Early in my career, looking at my seniors, I embraced the conventional wisdom that success required superhuman dedication – that sleep was optional and black coffee was a superfood. My “work life balance” consisted of consolidating closing documents while at a colleague’s wedding, hoping that I could catch his next one without a deliverable. I once found myself lugging a laptop up a mountain, choosing to carry it to review an SSPA offline instead of a camera tripod that I desperately needed to capture a view that I had trekked several hours to photograph.
My evolution towards sanity has involved several realizations: First, I have established my personal constitutional rights – non-negotiable elements that even the most demanding clients or matters cant amend. Every persons non-negotiables are different. For some it is morning exercise routines that are non-negotiable, for others it is playtime with their children or partners. A great irony I’ve noticed is that the most creative solutions to complex problems have emerged not during midnight office sessions but while watching terrible reality television or some other mundane activity constituting a break. Taking breaks actually improves critical thinking to the ire of legal purists.
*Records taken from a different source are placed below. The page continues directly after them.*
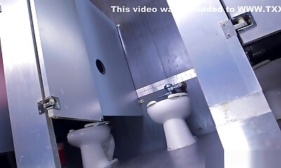 Seductive gal sucking cock at gloryhole gets slime bathroom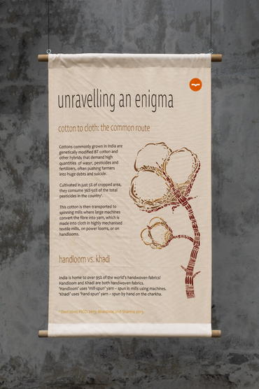 The process was rich with learning and discovery; I learnt a great deal about spinning, handloom, cotton textiles and distribution through the reading material Samyuktha, the project lead, shared with me. Upon understanding the project scope, I put together a deck with four moodboard options to guide the visual style of our posters. After reviewing the initial copy, we also discussed how the information could be worked into a series of posters in a concise and engaging manner. I collated a few ideas for how the posters could be mounted for display.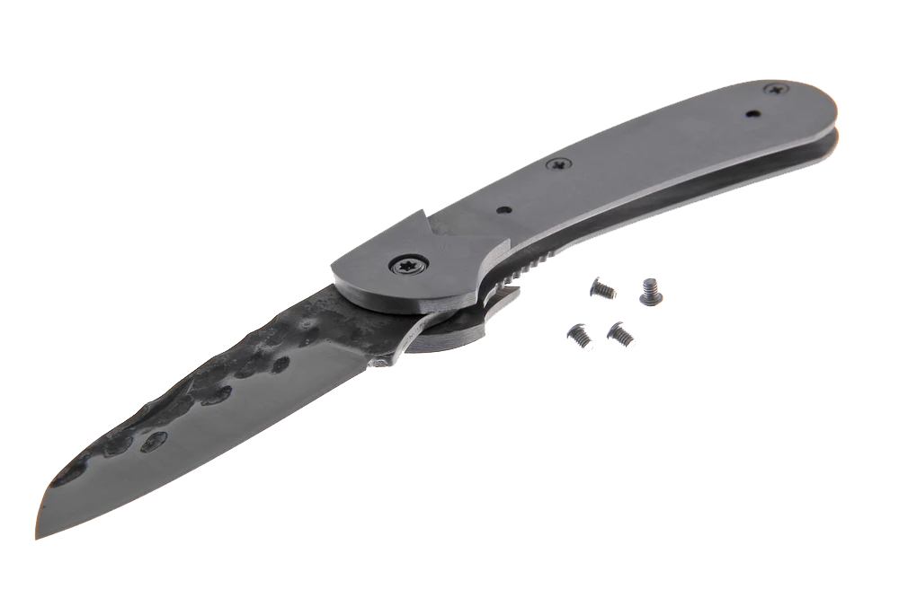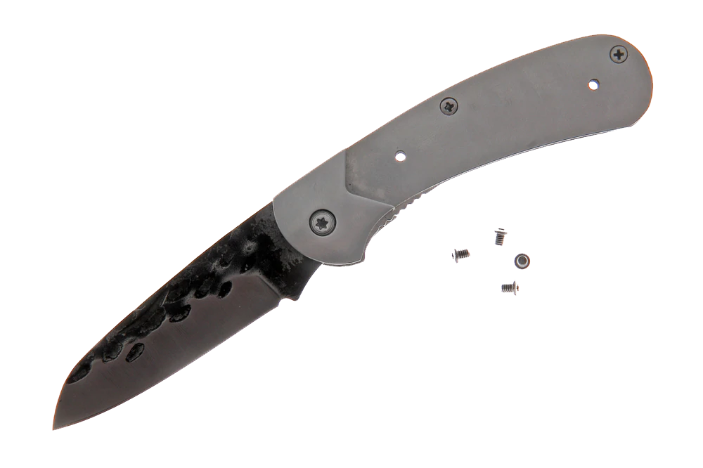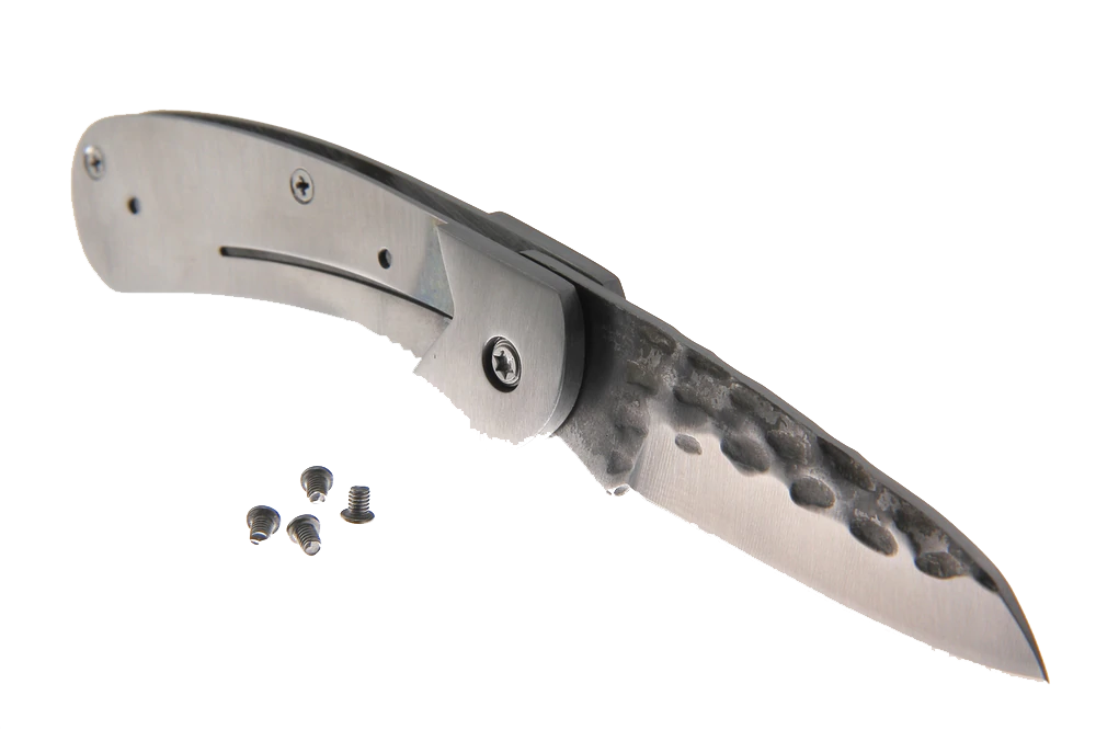 This tough little folder sports an unusual shaped utilitarian blade. The knife just feels right in your hand. The blade has a hammered finish and is made of high quality 7cr17MoV stainless steel with an RC rating of 57-58. Features a polished bolster and heavy steel frame, it comes sharpened and ready to use, just add your handle preference.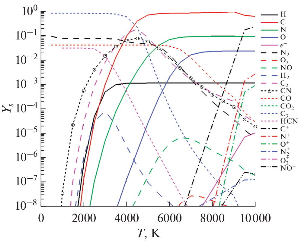 Физико-химические характеристики плазменного потока, окружающего возвращаемые космические аппараты при входе в атмосферу Земли с орбитальной скоростью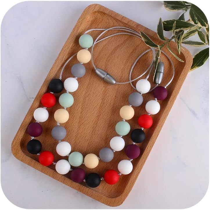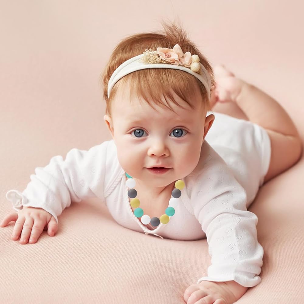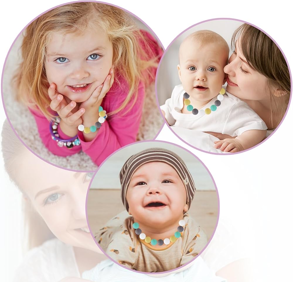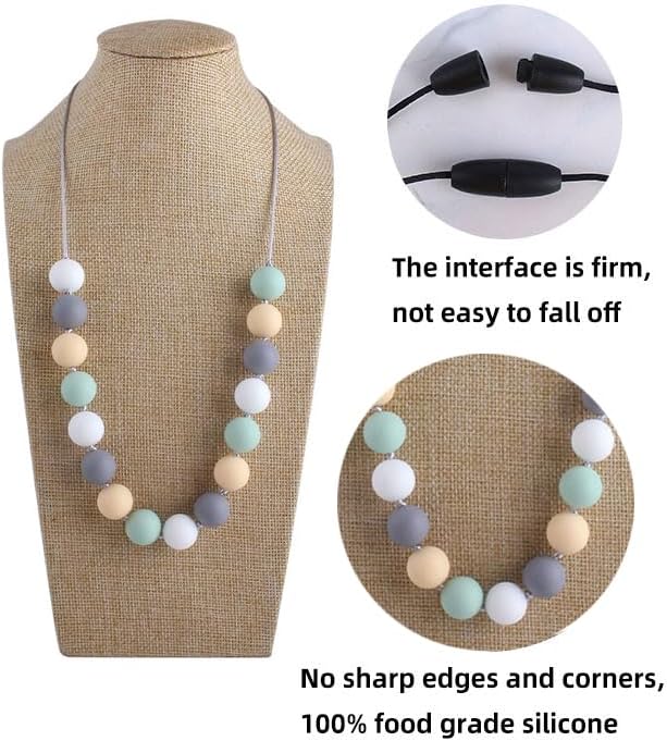 آمنة للاستخدام: تستخدم قلائد التسنين الخاصة بنا سلكًا ناعمًا وقويًا من النايلون لا ينكسر بسهولة، ويمنع خطر الاختناق. سلك ناعم حريري لن يسحب شعرك.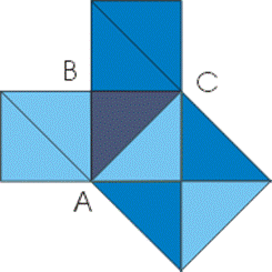 Например, для треугольника АВС: квадрат, построенный на гипотенузе АС, содержит 4 исходных треугольника, а квадраты, построенные на катетах, - по два. Теорема доказана.
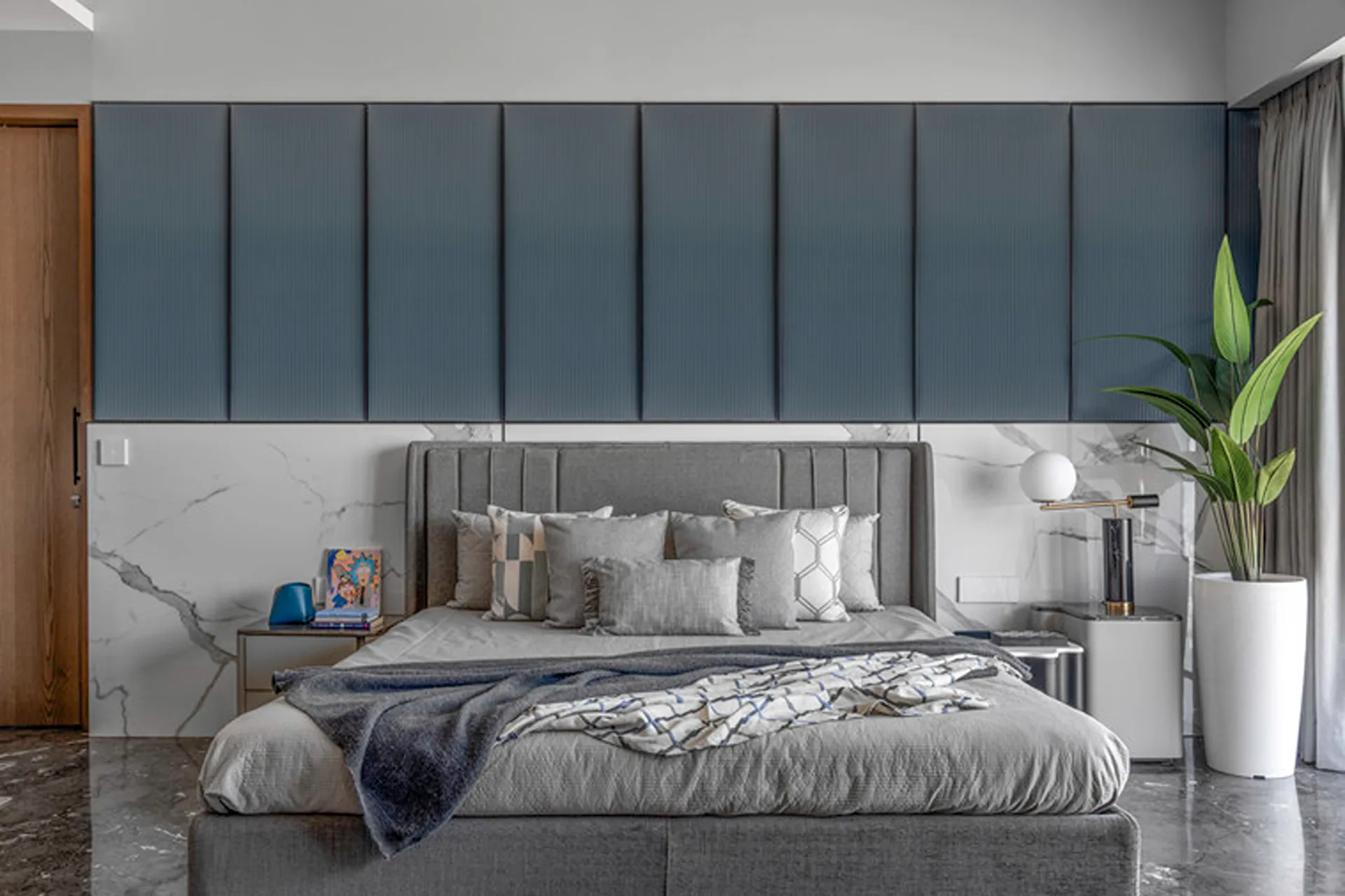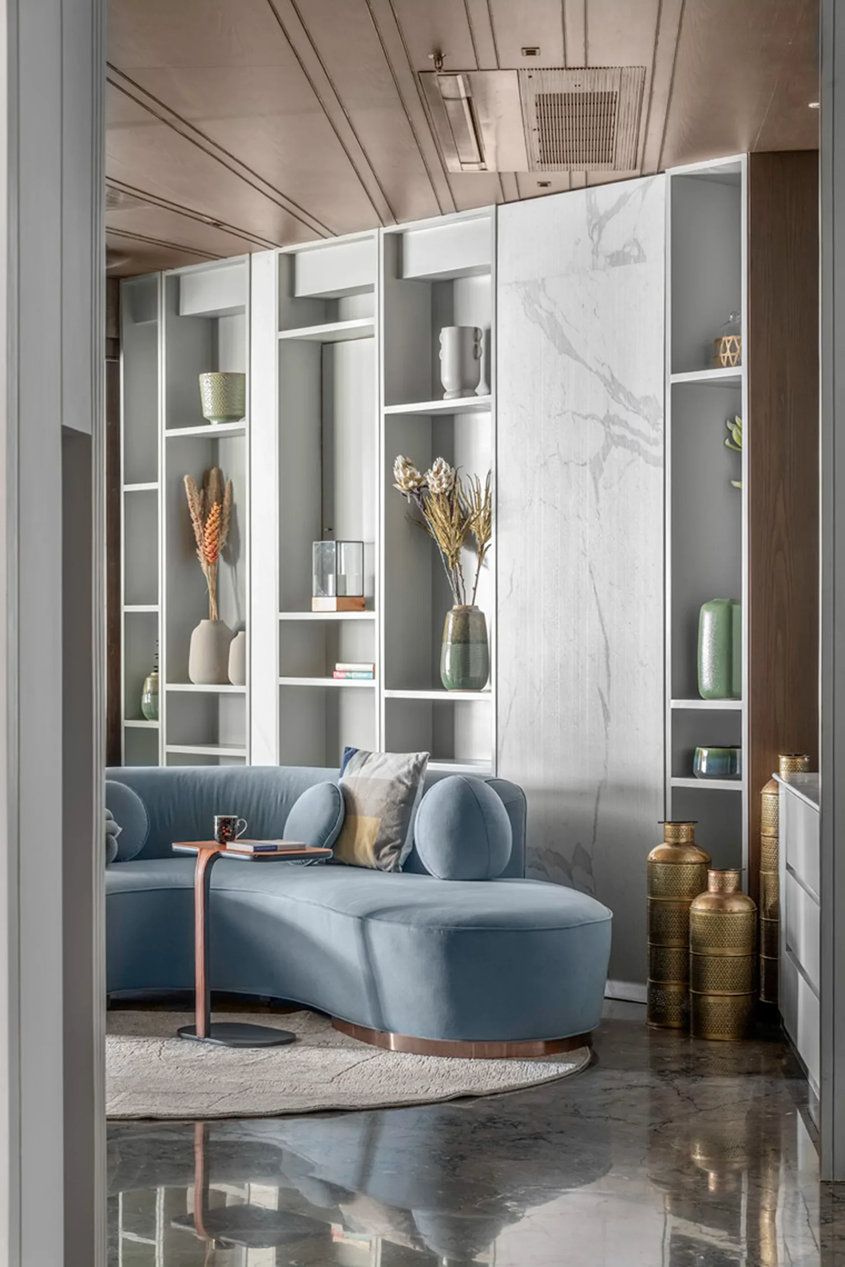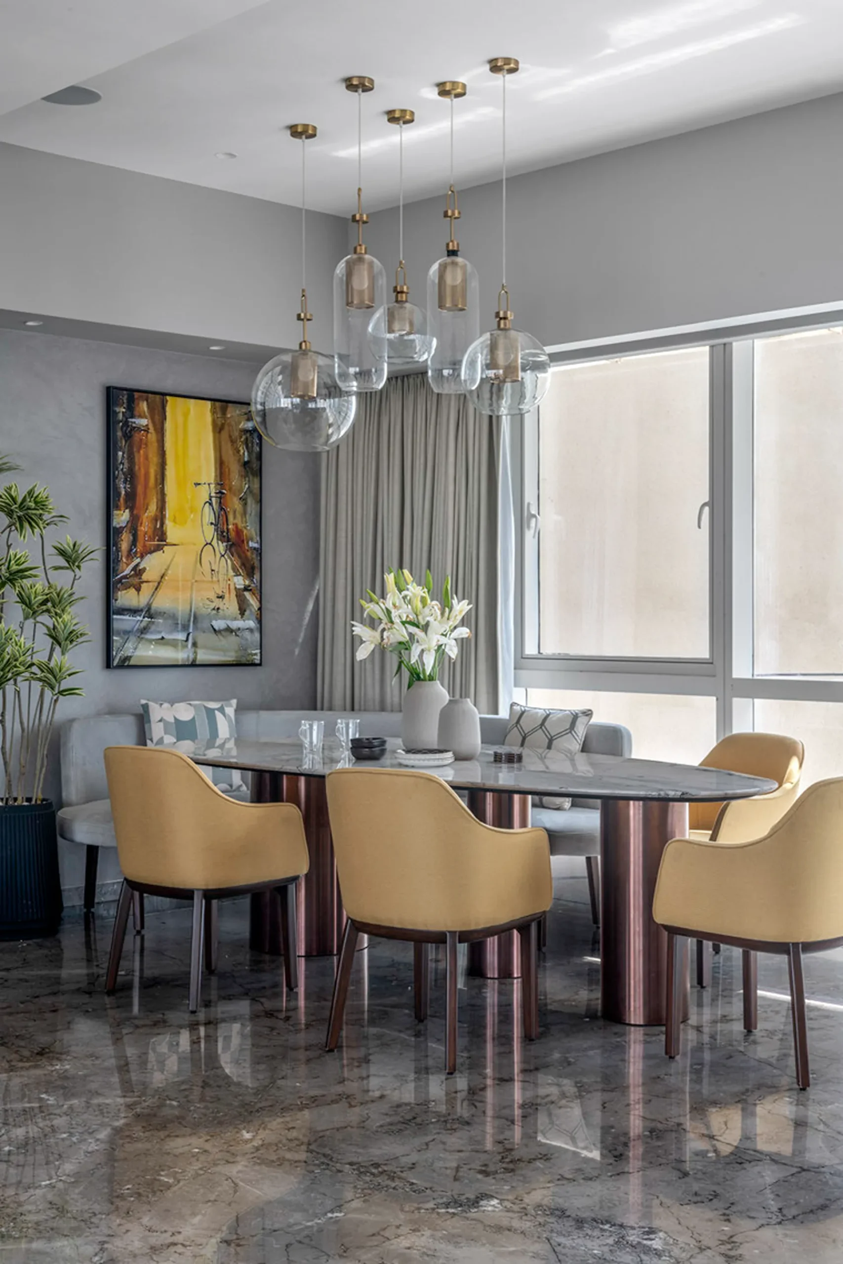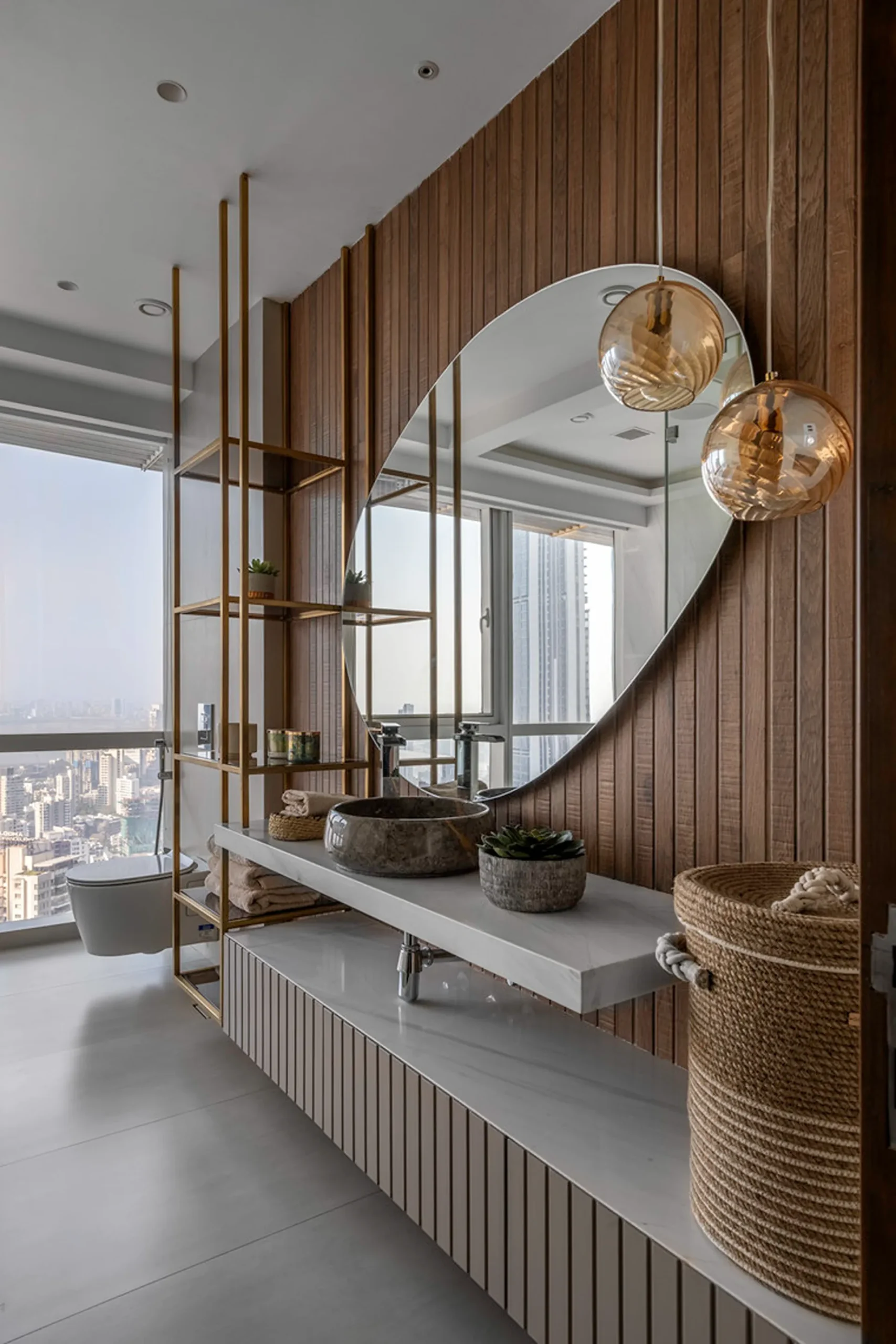 Thoughtful zoning plays a key role in amplifying the expanse, allowing seamless transitions between public and private areas while enhancing the sense of volume and flow. Full-height glass façades wrap around the home, inviting in abundant natural light and framing panoramic views that change with the time of day. A seamless blend of rich marble and warm veneer flooring provides a fluid foundation, while neutral earthen tones offer understated warmth.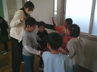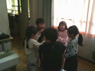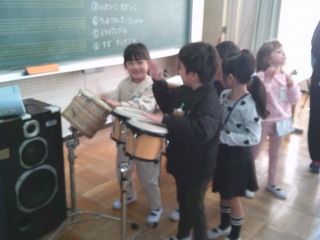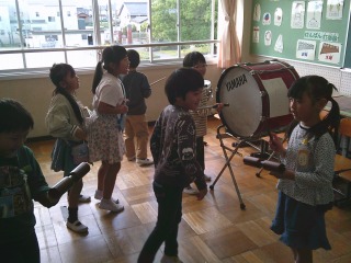 いろんな打楽器を演奏していました。音楽室の中は、大きな音でいっぱい。楽しそうにたたいていました。
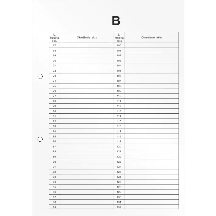 Uniwersalny wklad papierowy posiadający dwa otwory do wpinania do skoroszytów, segregatorów i teczek do akt osobowych na 2 ringi.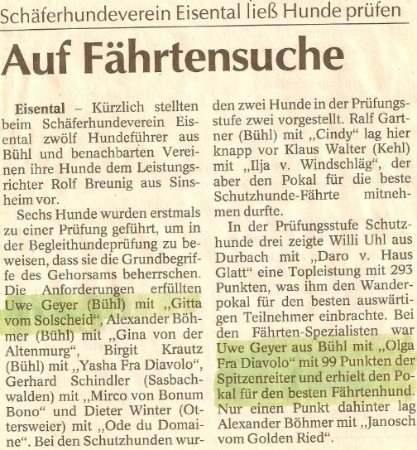 7. November 1999 BH-Prüfung bei der SV OG Bühl-Eisental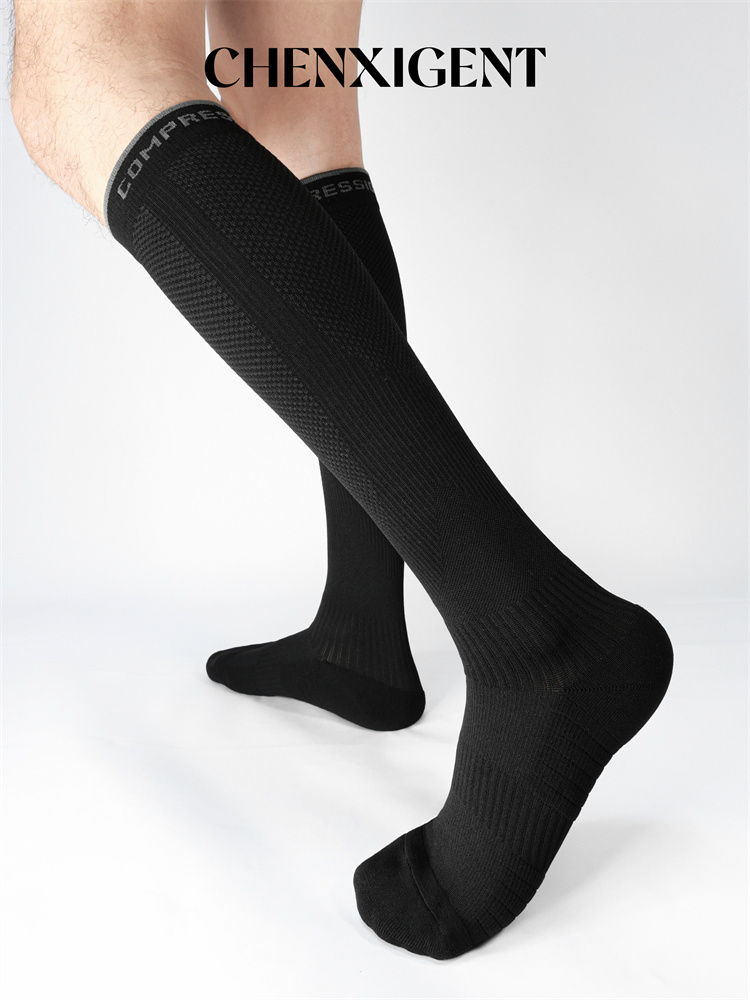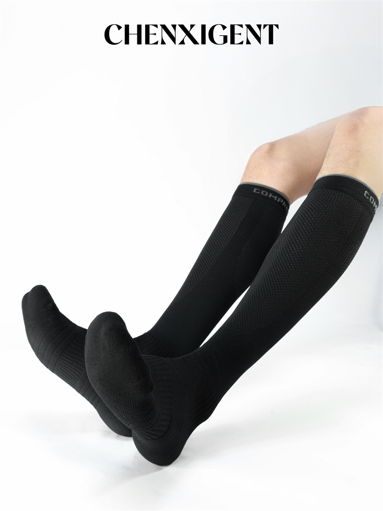 CHENXIGENT男士運動純色壓力襪 防滑籃球高筒襪子過膝小腿襪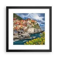 Falióra, Óra - Egy színes város egy sziklán a tengerparton - 30x30cm - Egy csoport a sziklákra simulva - Modern fali dekoráció nappalihoz, konyhához és hálószobához ARTTOR

The legal profession’s reverence for precedent shouldn’t extend to destructive work habits. Just because generations of lawyers before us sacrificed personal well-being on the altar of professional advancement doesn’t mean successive generations must continue this dubious tradition. Like typewriters and smoke filled cabins, some precedents deserve to be overruled.
The verdict? Balance isn’t perfectly achievable, but sanity is possible with boundaries, perspective, and the occasional ability to laugh at our profession’s most absurd demands.